I think tcl8.2 can do it.......
User Comments: hobbs added on 2002-03-05 04:59:06:
Logged In: YES 
user_id=72656

See http://sourceforge.net/tracker/?
func=detail&aid=474358&group_id=10894&atid=310894 for 
resolution.

hobbs added on 2002-03-05 04:51:43:
Logged In: YES 
user_id=72656

This wasn't really fixed by the noted patches.  It was a 
couple of things.  The escapes needed to be fixed, but also 
the finalization of encodings wasn't correctly handling 
refcounts of encodings.  This is fixed for 8.4a4 and 8.3.4+.
See also bug 524674 and patch 474358.

andreas_kupries added on 2002-01-22 04:57:56:
Logged In: YES 
user_id=75003

I applied this patch to the current state of 8.3.4 and 
8.4cvs head. In both cases there are three encoding-related 
tests which will fail when the testsuite is run. See below. 

I am not well versed enough in this area to know if the 
change should make the tests fail (and thus the tests have 
to be updated) or if the failure points to a bug in the 
patch itself.

Because of this I believe that the patch as it is now is 
not applicable. If the tests have to be changed the patch 
should contain the updates to the testsuite.

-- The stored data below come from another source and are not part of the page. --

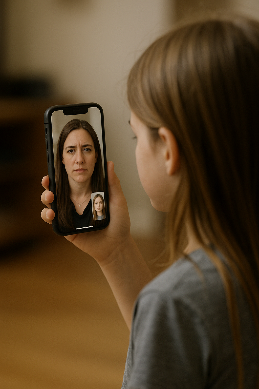 This is what ChatGPT thinks a facetime conversation looks like. The girl was alone, facetiming her big sister.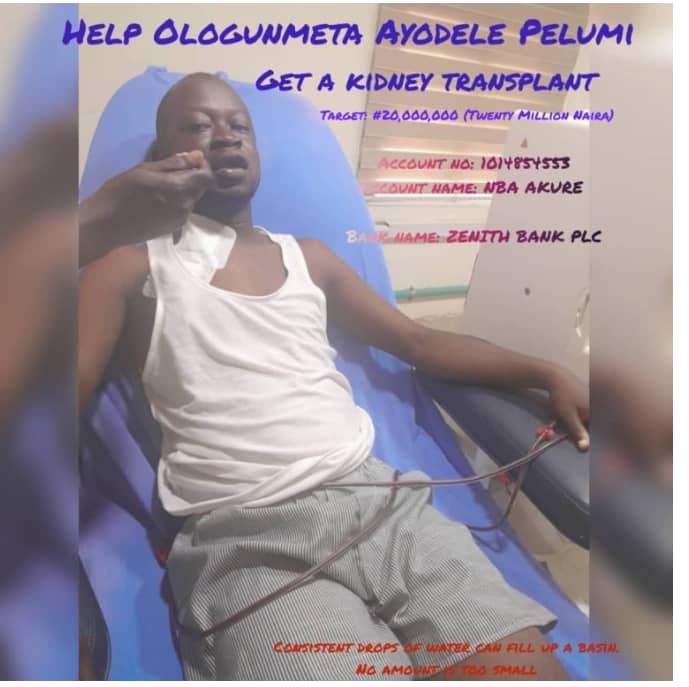 A young member of the Nigerian Bar Association, Akure Branch, Ayodele Pelumi Ologunmeta, who is battling kidney failure is pleading with well meaning individuals and entities to support him with their kind donations to enable him undergo an urgent kidney transplant.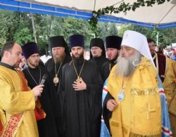 "Безусловно, это число, 31 августа, станет праздничным днем в церковном календаре, как день перенесения мощей. Всем нам он запомнится, как великий и светлый день для всего Алтая. Теперь мы имеем на Алтае покровителя и должны иметь великую благодарность Святейшему Патриарху, что он благословил, исполняя волю Божию и волю Святителя Макария, перенести сюда, на Алтай его честные останки. Поздравляю вас всех с этим историческим событием, желаю благословения Божьего, мира и памяти, которую вы будете передавать своим детям, а они, надеюсь, проживут долше нас и будут передавать ее дальше! Временно рака с мощами будет прибывать в соборе во имя преподобного Макария (Глухарева), который также долгие годы проповедовал на этой земле, а потом, когда воздвигнут новый собор, великую святыню поместят в нем.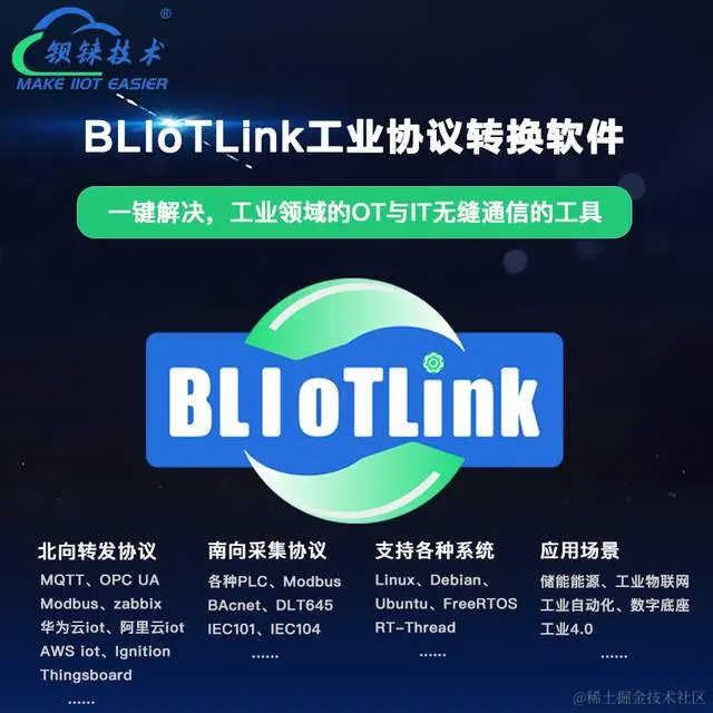BLIoTLink 上行支持:Modbus TCP、MQTT、OPC UA、BACnet IP、华为云 IoT、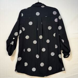 John Mark Black Button-Down Collared Shirt Dress White Polka Dots Size Small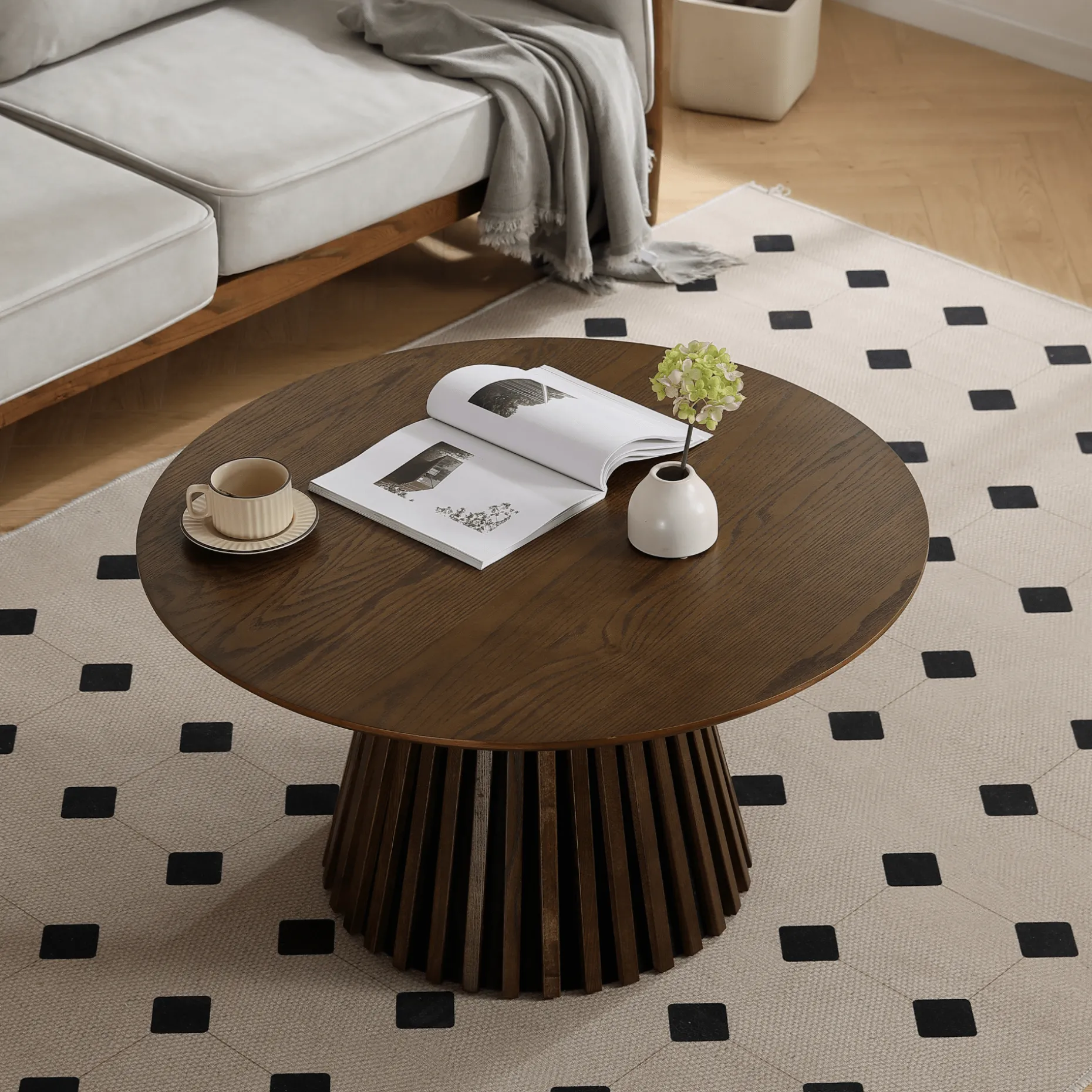 Den runde bordplade i egefiner giver et blødt og indbydende udtryk, mens den karakteristiske lamelfod giver et moderne præg.
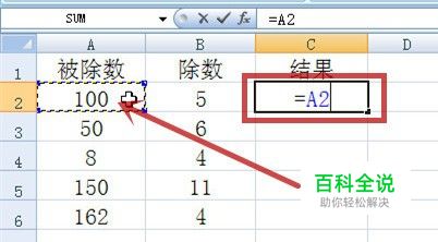 在“C2”单元格内选输入一个等号“=”,再点击被除数“100”(图中红色箭头所指)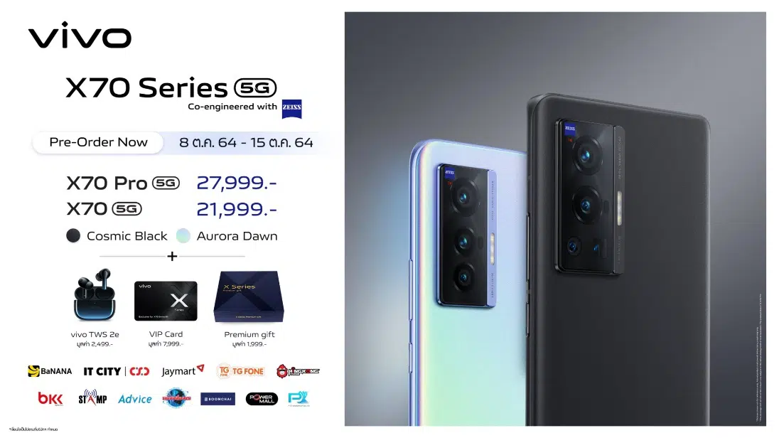 vivo X70 Pro 5G รุ่น RAM 12GB ความจุ 256GB เปิดให้สั่งจองได้ ที่ราคา 27,999 บาท และ vivo X70 5G รุ่น RAM 8GB ความจุ 128GB ที่ราคา 21,999 บาท พิเศษ! สั่งจองวันนี้รับทันทีหูฟัง vivo TWS 2e มูลค่า 2,499 บาท พร้อม VIP Card ประกันเครื่องและหน้าจอ มูลค่า 7,999 บาท และ Premium gift มูลค่า 1,999 บาท ที่ร้าน vivo Brand Shop ทุกสาขา รวมทั้งตัวแทนจำหน่ายทั่วประเทศ ไม่ว่าจะเป็น BaNANA, IT City | CSC, Jaymart, TG FONE, KINGKONG, BKK, Stamp, Advice, แม่วังสื่อสาร, BOONCHAI, Power Mall และ PTE ทุกสาขาทั่วประเทศ
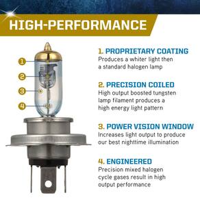 PEAK Faróis automotivos Power Vision Gold de alto desempenho 9003/H4/HB2 60/55W (pacote com 2)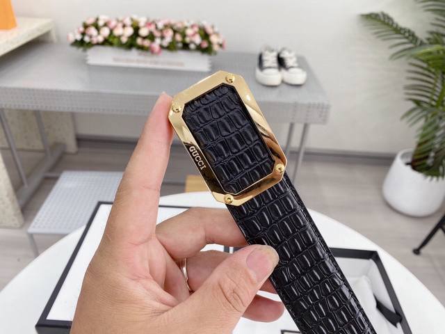 顶级原单复刻 ,配送专柜全套礼盒包装,Gucci 古奇皮带,官网经典 正品规格 3.8Cm原版品质双面进口头层小牛皮腰带...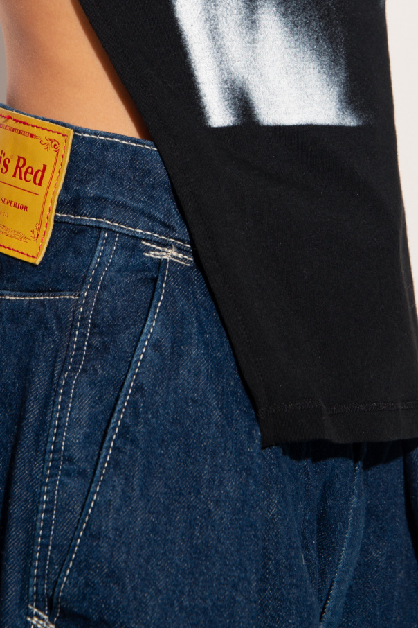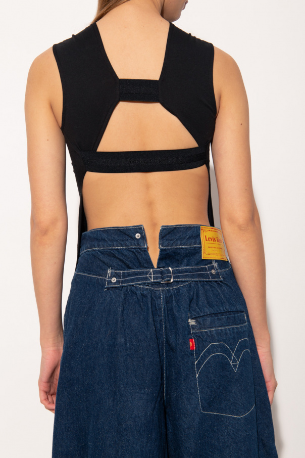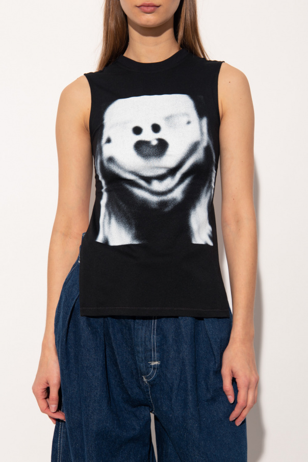 Black crewneck sleeveless top from 1017 ALYX 9SM. Crafted from cotton, this style is enriched by cut-out detailing and a white and grey graphic print.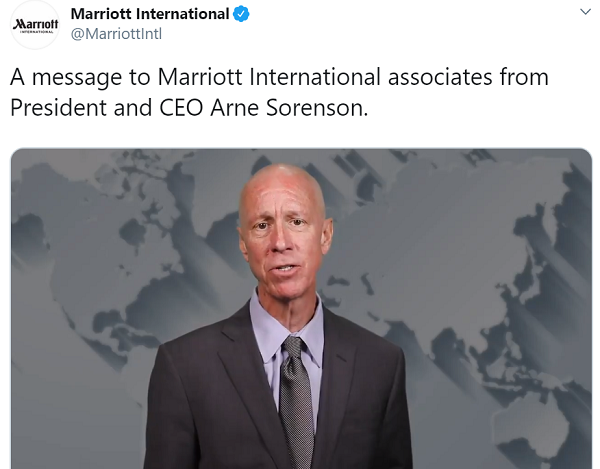 A Forbes article calls him an “authentic leader” and applauds his video about the business. Marriott CEO Arne Sorenson begins by talking about his appearance: he is undergoing treatment for pancreatic cancer.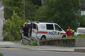 Ambulansepersonell kom med politibilen til uhellstedet, og de kjørte han til sykehuset. Trolig skulle dette gå bra, da den skadde selv gikk inn i bilen etter at nakke-støtte var montert.
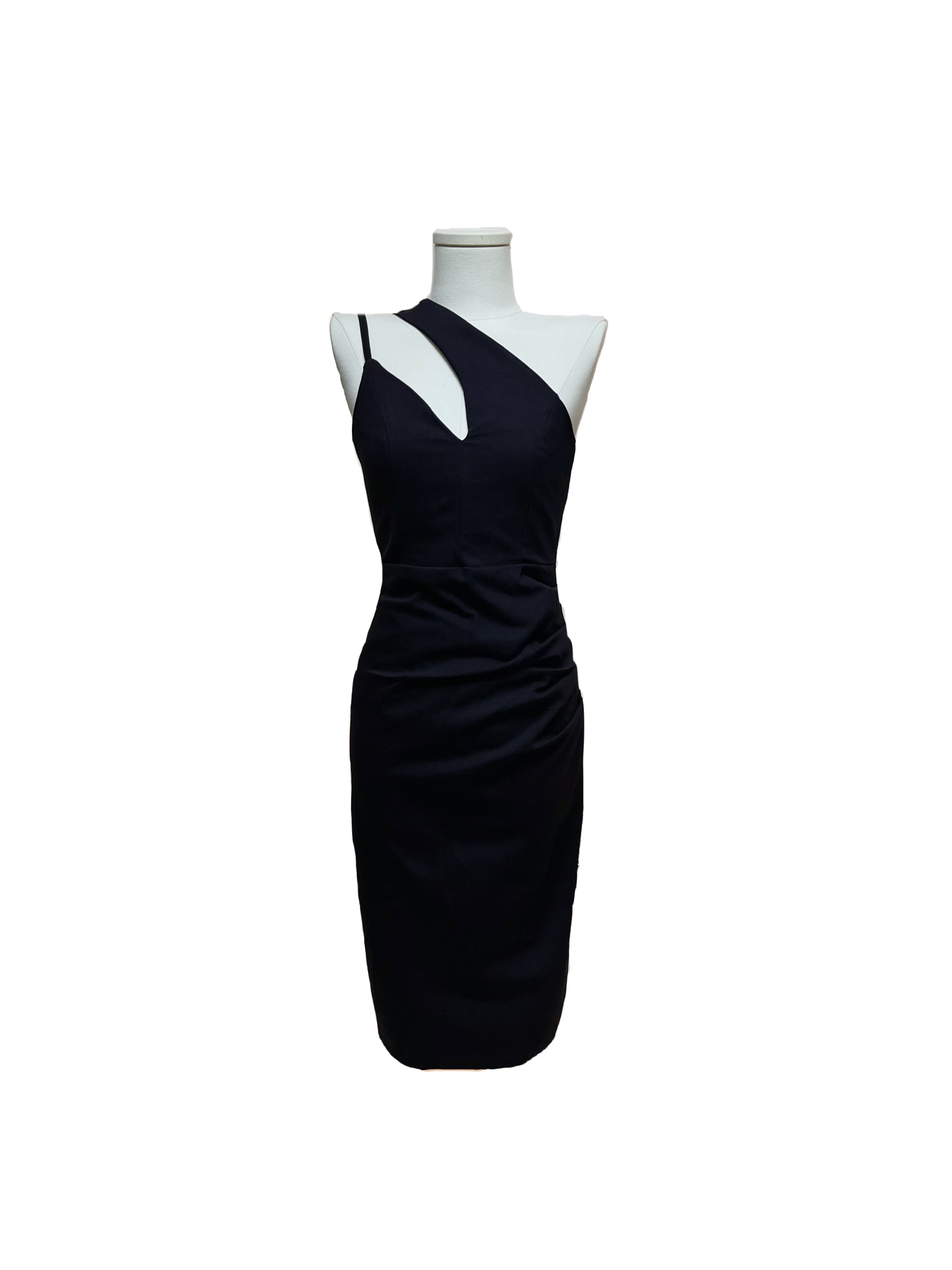 韩国江南美人性感小心机镂空斜领不对称设计感吊带高腰修身连衣裙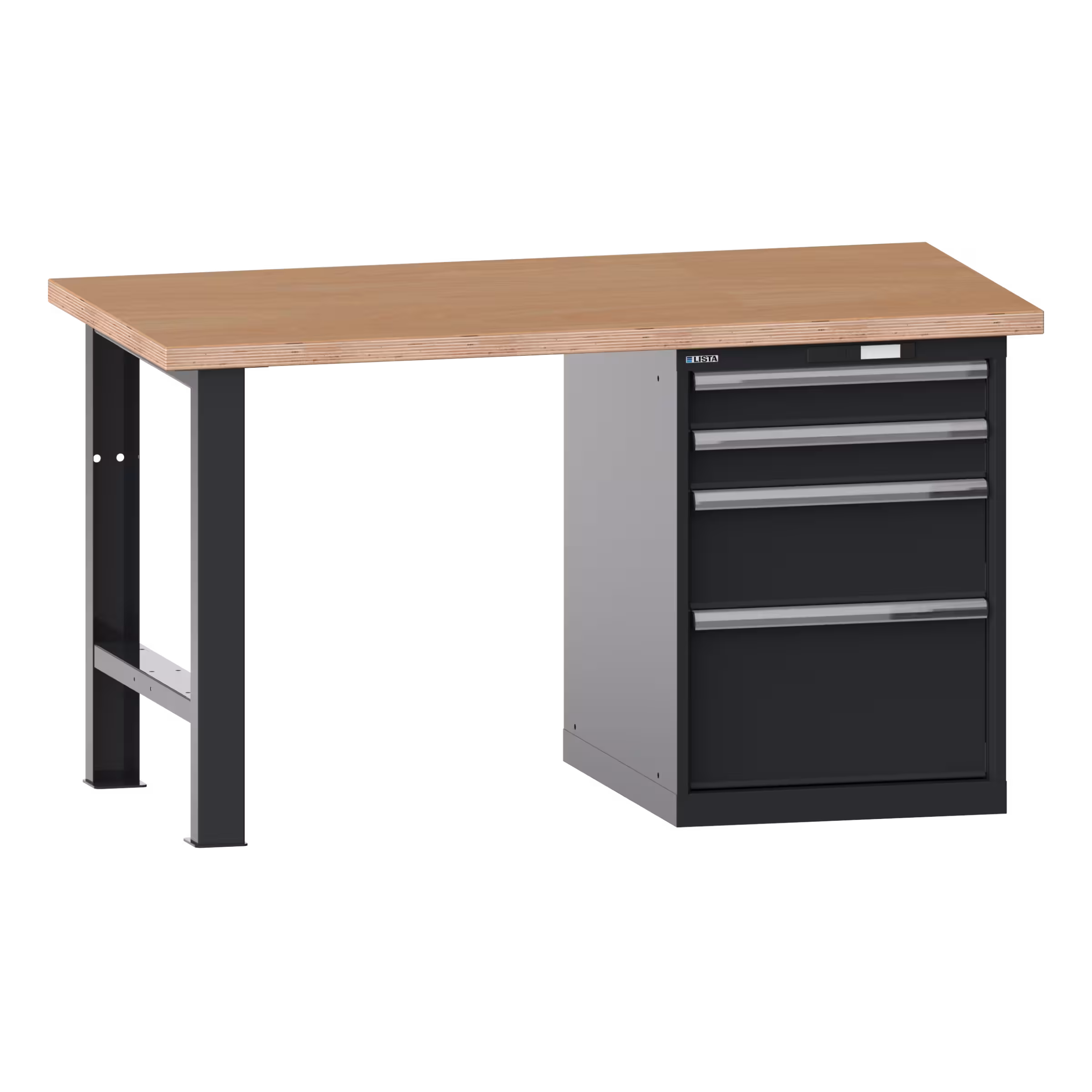 Workbenches: With multiplex or beech top including pre-assembly and fastening material. Drawer cabinet can be fitted on either the right or the left.

==== encoding-11.5 LoadEncodingFile: escape file FAILED
==== Contents of test case:

    encoding convertto iso2022 \u4e4e

---- Result was:
ESC$@8CESC(B
---- Result should have been:
ESC(BESC$@8C
==== encoding-11.5 FAILED


==== encoding-13.1 LoadEscapeTable FAILED
==== Contents of test case:

    set x [encoding convertto iso2022 ab\u4e4e\u68d9g]

---- Result was:
abESC$@8CESC$(DD%ESC(Bg
---- Result should have been:
ESC(BabESC$@8CESC$(DD%ESC(Bg
==== encoding-13.1 FAILED

==== io-1.8 Tcl_WriteChars: WriteChars FAILED
==== Contents of test case:

    # This test written for SF bug #506297.
    #
    # Executing this test without the fix for the 
referenced bug
    # applied to tcl will cause tcl, more specifically 
WriteChars, to
    # go into an infinite loop.

    set f [open test2 w]
    fconfigure      $f -encoding iso2022-jp
    puts -nonewline $f [format %s%c [string repeat " " 4] 
12399]
    close           $f
    contents test2

---- Result was:
    ESC$@$OESC(B
---- Result should have been:
ESC(B    ESC$@$O
==== io-1.8 FAILED

taguchiv6 added on 2001-10-25 16:09:33:
Logged In: YES 
user_id=357728

I've uploaded patch as #474358.
It's seem work.
But I do not understand tclEncoding.c
So I afraid this patch may contain bugs.

Thanks.
---
Taguchi,T.

hobbs added on 2001-10-19 01:38:33:
Logged In: YES 
user_id=72656

The problem seems to be in a recursive need to access file 
encodings.

Once we are switched into the iso2022-jp encoding for the 
system, when we need to convert a string, it goes through 
tclEncoding.c:GetTableEncoding, which will load the 
encoding when necessary.  When the first escape encoding 
for jis0201 needs to be loaded, we have a problem because 
the system finds the jis0201.enc file, but wants to convert 
that name since the system thinks it everything (including 
system file names) are iso2022-jp encoding.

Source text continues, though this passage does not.